Challenges

As previously discussed, there is no general agreement on the definition of software sustainability [14], [15]. Still we have identified reproducibility of results and the capability of software to endure and evolve over time to be the most important aspects from our perspective. However, the implementation of these criteria presents certain conceptual, technical as well as organizational challenges. Some of these challenges especially in the context of reproducibility have been addressed e.g. by Boettiger [24]. However, our discussion covers a wider context.

Availability & Accessibility

Publications in the field of scientific computing usually present models, methods and result data. However, the software itself is usually not published alongside the paper as it is considered nothing more than a highly advanced calculator and does not add to the scientist’s reputation [25]. This poses an issue in terms of reproducibility. Without access to the source code of the software, it is impossible for other scientists to trace back the calculation of results and ensure that the implementation of the underlying models is correct. Furthermore, without access to the binaries and a compatible computing environment, results cannot be reproduced. To ensure long-term availability of the software and its source code, it needs to be archived on an appropriate platform. Another question raised in the context of availability and accessibility is the one of the corresponding license. Frequently, software will be published using a free or open-source software license, but also a proprietary software license might be an option to make your software and its source code available.

Documentation

Providing a thorough documentation is essential to enable others to reuse and extend the research software as well as reproduce results. However, the documentation process requires a commitment from early development stages and also consumes a larger amount of time than most researchers can afford. Since scientific software undergoes heavy modifications as part of the discovery and development process, writing the documentation is often pushed to the very end of the project at which point there is no sufficient time to do it thoroughly. Thus, the documentation is either neglected or in an incomplete state. Moreover, most of the time scientific software is not published and therefore writing a documentation to enable other scientists to understand, reuse and extend the software is often not even considered. As a consequence, even the installation or build processes become hard or even impossible to reproduce [7].

Software Quality & Design

The majority of research software is developed by scientists themselves rather than by professional software developers [26], [27]. The main reason for this is that in order to develop the software, in-depth domain knowledge is required. Hence, being domain experts themselves, scientists usually strive to get the necessary software development knowledge through self-studies or receive it from colleagues [27], [28]. Unfortunately, self-education only happens to a limited extent that is sufficient to achieve their primary short-term goal of getting a scientific reputation. In other words, the software itself is of a limited value and only serves as a tool to gain new insights as soon as possible [29]. Therefore, scientists often follow a quick and dirty software development approach as opposed to focusing on high quality, long-term sustainable software [30]. Accordingly, they have little motivation to learn the corresponding skill set. Nevertheless, code that is easy to read, understand, change and reuse needs to be structured appropriately [31]. Due to the lack of software engineering knowledge among scientists as well as the time pressure, scientific codes often suffer from bad quality and design. The result being software that is tightly coupled, unstructured, hard to understand and not well tested.

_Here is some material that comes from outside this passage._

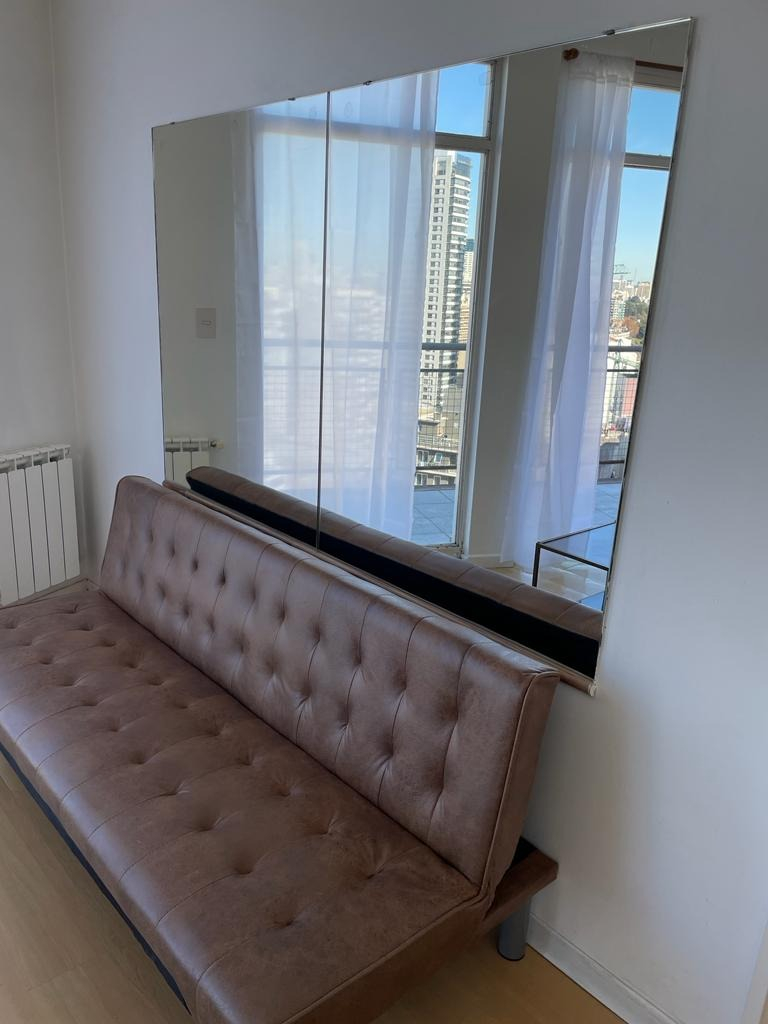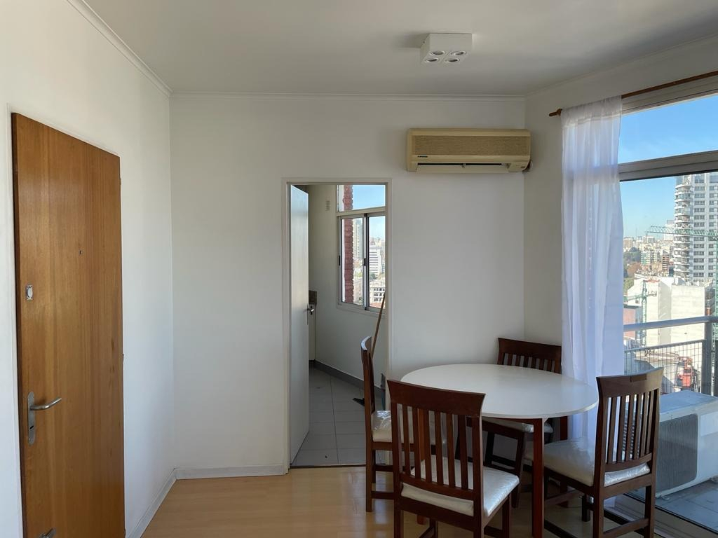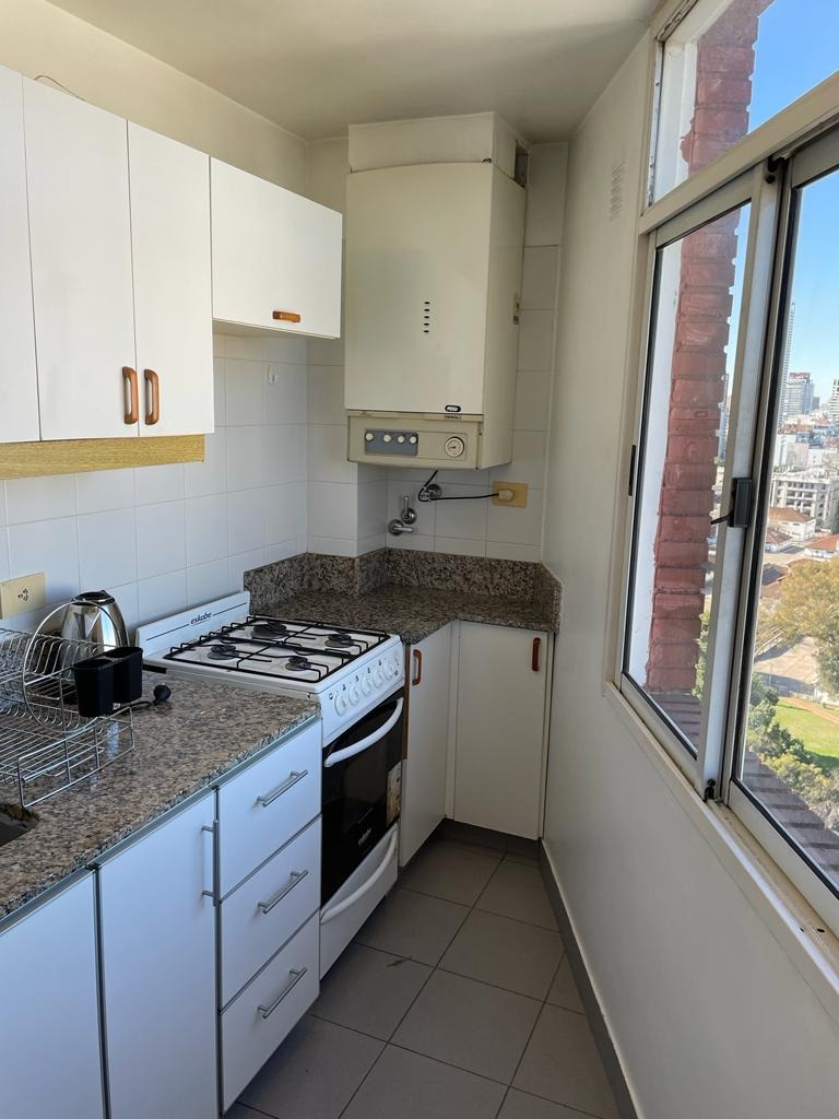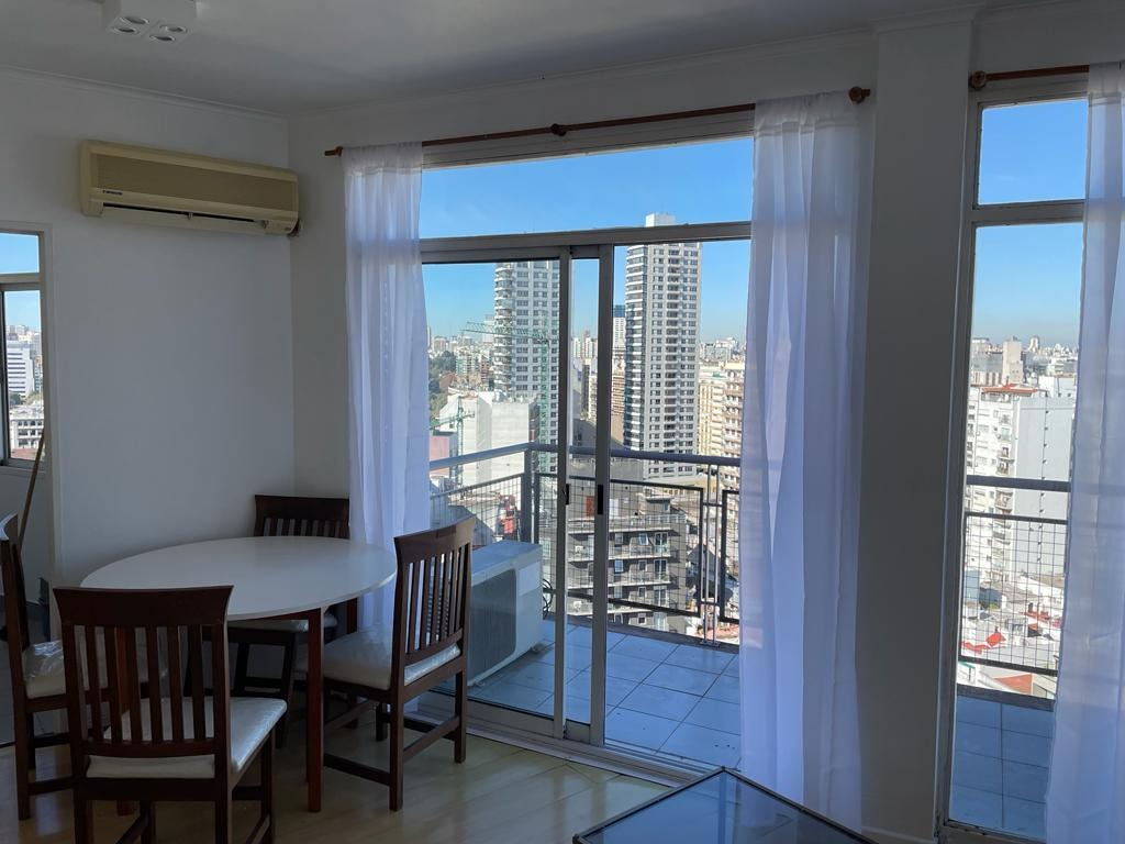El departamento está ubicado en piso alto. Es muy luminoso, tiene muchas ventanas y un amplio ventanal con salida hacia un balcón con vista panorámica de la ciudad. La cocina separada está amoblada con alacena y bajo mesada y completamente equipada con heladera con freezer, cocina a gas, electrodomésticos, utensilios de cocina y vajilla. El living comedor cuenta con mesa de comedor con sillas, sofá cama, mesas de apoyo. El dormitorio cuenta con una cama matrimonial con mesa de luz, TV Led y placard. El baño es completo con bañera. Tiene aire acondicionado.

Collaboration & Versioning

Research software often starts out as a project of a single scientist but eventually ends up being used and maybe even developed further by their peers as well. These collaborators can either be located within the same institution or from the wider research community. As software development progresses, it becomes harder to track the changes in code and documentation over time. This is especially true if multiple developers collaborate while working on their own code copies. Moreover, the integration of these versions becomes a challenge in different aspects. On the one hand, they could contain conflicting changes. On the other hand, there is no guarantee that the software still works as intended after integrating. Also, untraceable changes complicate the reproduction of scientific results, as it is not clear how to match a version of the software with the corresponding result data.

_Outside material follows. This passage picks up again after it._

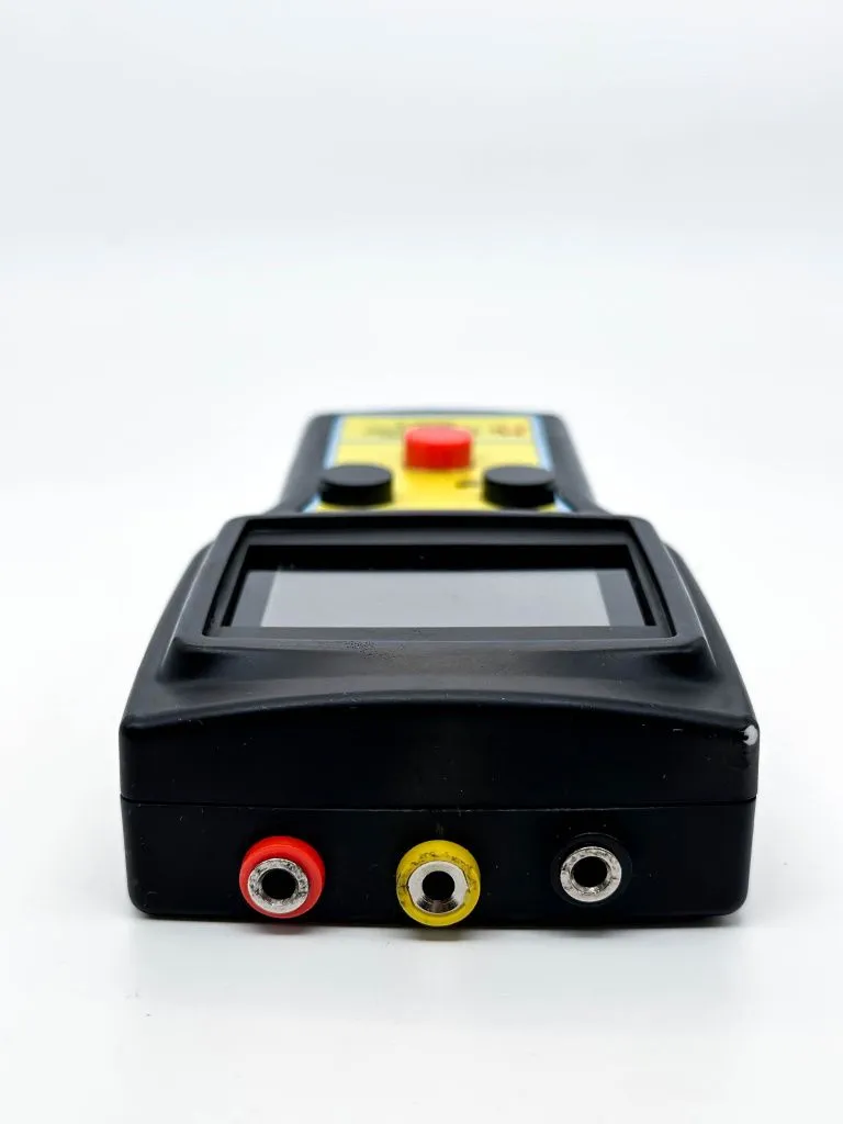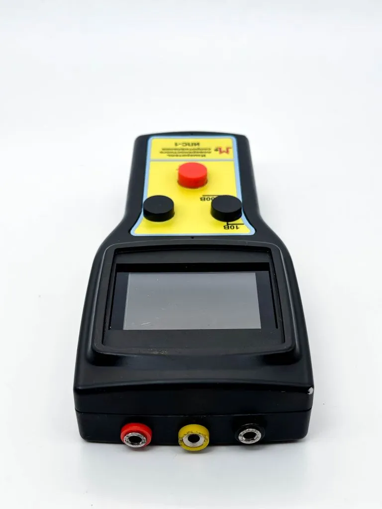 На лицевой панели измерителя располагается информационное табло, на котором отображается измеренное сопротивление, текущая температура и влажность в помещении. Дополнительно отображается величина заряда батареи прибора. С помощью двух кнопок осуществляется операция замера сопротивления. Одна из кнопок (черного цвета) изменяет величину испытательного напряжения (10 или 100В), вторая кнопка (нефиксируемая) производит операцию тестирования.

Dependency Hell & Software Evolution

Many software systems use existing solutions in the form of third-party libraries. These libraries reduce the workload necessary to solve a problem. However, they also represent dependencies that must be available in order to run the software. For users, this can become a problem with respect to reproducibility if dependencies are either not documented, no longer available, or not compatible with certain platforms. Another aspect of this issue arises when the dependencies evolve. Further development of libraries either to implement new features or to fix bugs from previous versions may eventually result in different behavior, making it incompatible with older versions. As a result, data from older versions cannot be reproduced with the new version. In addition, evolving dependencies may even prevent developers from compiling and running the software, making it unusable.